If lowest() is not available, you can fall back to
-numeric_limits<double>::max()
which may differ from lowest() in principle, but normally doesn't in practice.
A truly portable C++ solution
As from C++11 you can use numeric_limits<double>::lowest().
According to the standard, it returns exactly what you're looking for:
A finite value x such that there is no other finite value y where y < x.
Meaningful for all specializations in which is_bounded != false.
Online demo
Lots of non portable C++ answers here !
There are many answers going for -std::numeric_limits<double>::max().
Fortunately, they will work well in most of the cases. Floating point encoding schemes decompose a number in a mantissa and an exponent and most of them (e.g. the popular IEEE-754) use a distinct sign bit, which doesn't belong to the mantissa. This allows to transform the largest positive in the smallest negative just by flipping the sign:
Why aren't these portable ?
The standard doesn't impose any floating point standard.
I agree that my argument is a little bit theoretic, but suppose that some excentric compiler maker would use a revolutionary encoding scheme with a mantissa encoded in some variations of a two's complement. Two's complement encoding are not symmetric. for example for a signed 8 bit char the maximum positive is 127, but the minimum negative is -128. So we could imagine some floating point encoding show similar asymmetric behavior.
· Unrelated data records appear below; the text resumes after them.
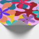 Ce papier d'emballage a une conception rétro des années 1970 de fleurs qui se chevauchent en rouge, bleu, violet, jaune, orange et rouge. Coloré, lumineux et amusant.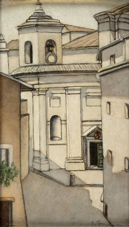 RICCARDO FRANCALANCIA (Assisi, 1886 - Roma, 1965): Scorcio con veduta della cattedrale di Gallese, anni '30 ca.
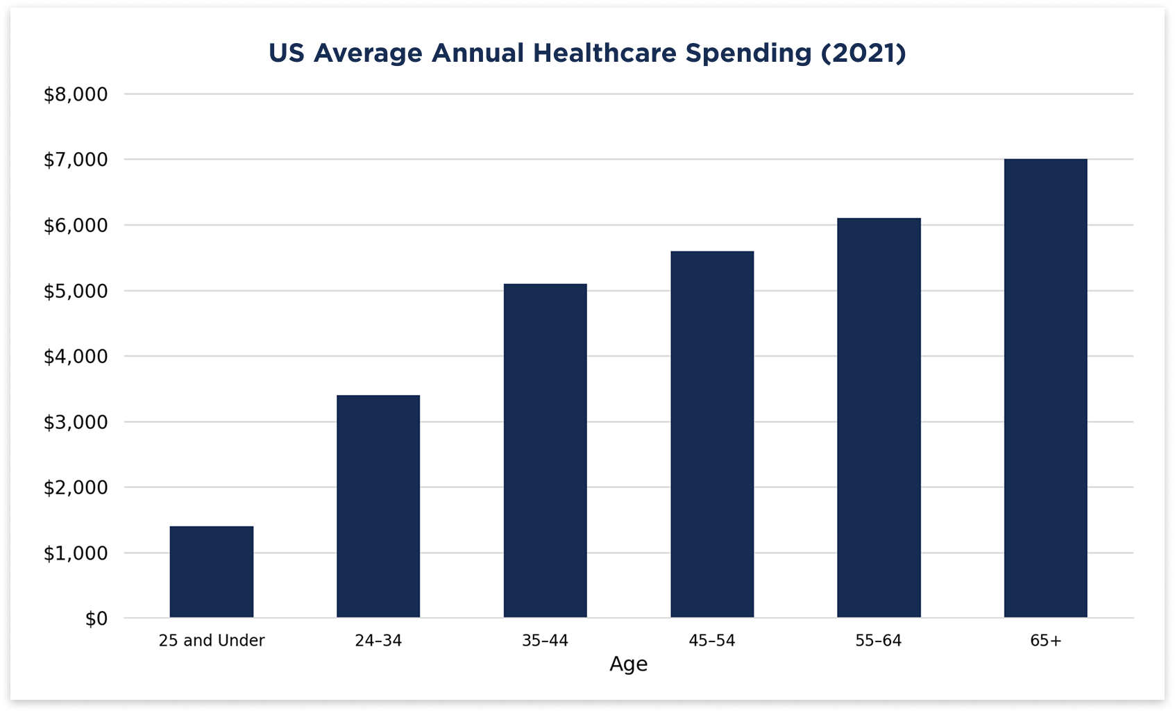 As individuals age, health care spending increases. Individuals in the United States older than 65 spend significantly more on healthcare services.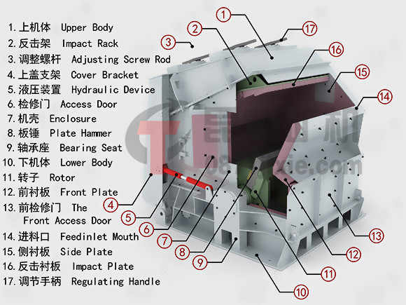 反擊板與板錘間隙能方便調節,有效控制出料粒度,顆粒形狀好。

I'm not aware of any encoding scheme like that, but the point is that the standard doesn't guarantee that the sign flipping yields the intended result. So this popular answer (sorry guys !) can't be considered as fully portable standard solution ! /* at least not if you didn't assert that numeric_limits<double>::is_iec559 is true */
- std::numeric_limits<double>::max()
should work just fine
Numeric limits
Is there a standard and/or portable way to represent the smallest negative value (e.g. to use negative infinity) in a C(++) program?
C approach.
Many implementations support +/- infinities, so the most negative double value is -INFINITY.
#include <math.h>
double most_negative = -INFINITY;
Is there a standard and/or portable way ....?
Now we need to also consider other cases:
No infinities
Simply -DBL_MAX.
Only an unsigned infinity.
I'd expect in this case, OP would prefer -DBL_MAX.
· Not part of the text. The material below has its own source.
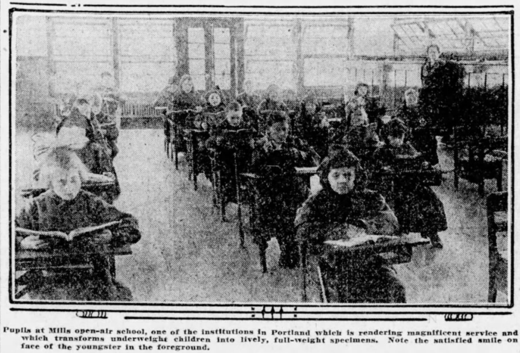 When it opened in 1919, the Abbott L. Mills Open Air School put Portland on the map nationally and internationally as the nation’s first entirely purpose-built open-air school, meaning that students and teachers spent their entire school day surrounded by fresh air. A handful of other communities across the country had experimented with a classroom here or there in an existing school. In Portland, the original Irvington School featured one open air classroom where the windows were open all day, all school year.

De-normal values greater in magnitude than DBL_MAX.
This is an unusual case, likely outside OP's concern. When double is encoded as a pair of a floating points to achieve desired range/precession, (see double-double) there exist a maximum normal double and perhaps a greater de-normal one. I have seen debate if DBL_MAX should refer to the greatest normal, of the greatest of both.
Fortunately this paired approach usually includes an -infinity, so the most negative value remains -INFINITY.
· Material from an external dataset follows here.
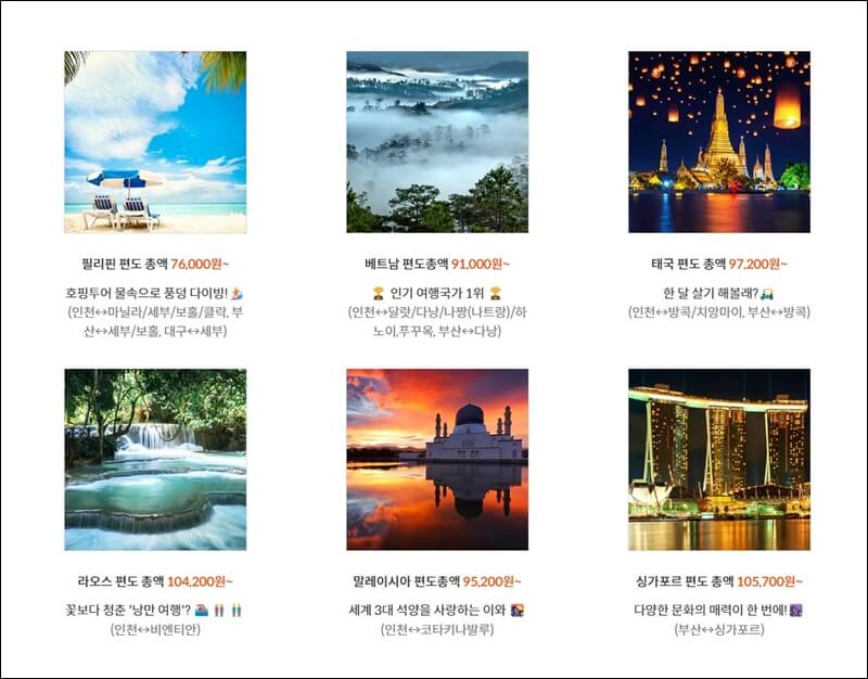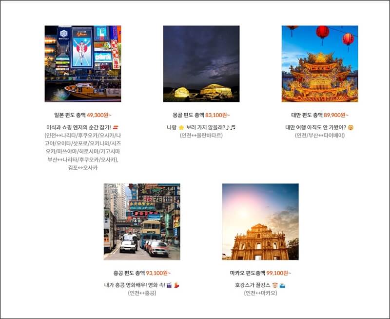 유류할증료와 공항시설료 등을 모두 포함한 편도 총액 기준으로 국내선 같은 경우에는 1만 8,400원부터 구매가 가능하고, 국제선 같은 경우에는 일본 4만 9,300원 / 중화권 8만 9,900원 / 동남아 7만 6,000원 / 몽골 8만 3,100원 / 대양주 13만 6,400원부터 판매해요.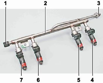 Топливная рампа двигателя 11183 (1,6i) в сборе с форсунками: 1 - диагностический штуцер; 2 - топливная рампа; 3 - штуцер для соединения с топливопроводом; 4, 5, 6 и 7 - форсунки Избыточное количество топлива стравливается через регулятор давления в бак. Регулятор давления топлива установлен в крышке топливного модуля.

For more portability, code can go down the route
// HUGE_VAL is designed to be infinity or DBL_MAX (when infinites are not implemented)
// .. yet is problematic with unsigned infinity.
double most_negative1 = -HUGE_VAL;
// Fairly portable, unless system does not understand "INF"
double most_negative2 = strtod("-INF", (char **) NULL);
// Pragmatic
double most_negative3 = strtod("-1.0e999999999", (char **) NULL);
// Somewhat time-consuming
double most_negative4 = pow(-DBL_MAX, 0xFFFF /* odd value */);
// My suggestion
double most_negative5 = (-DBL_MAX)*DBL_MAX;
The original question concerns infinity.
So, why not use
#define Infinity ((double)(42 / 0.0))
according to the IEEE definition?
You can negate that of course.
If you do not have float exceptions enabled (which you shouldn't imho), you can simply say:
double neg_inf = -1/0.0;
This yields negative infinity. If you need a float, you can either cast the result
float neg_inf = (float)-1/0.0;
or use single precision arithmetic
float neg_inf = -1.0f/0.0f;
The result is always the same, there is exactly one representation of negative infinity in both single and double precision, and they convert to each other as you would expect.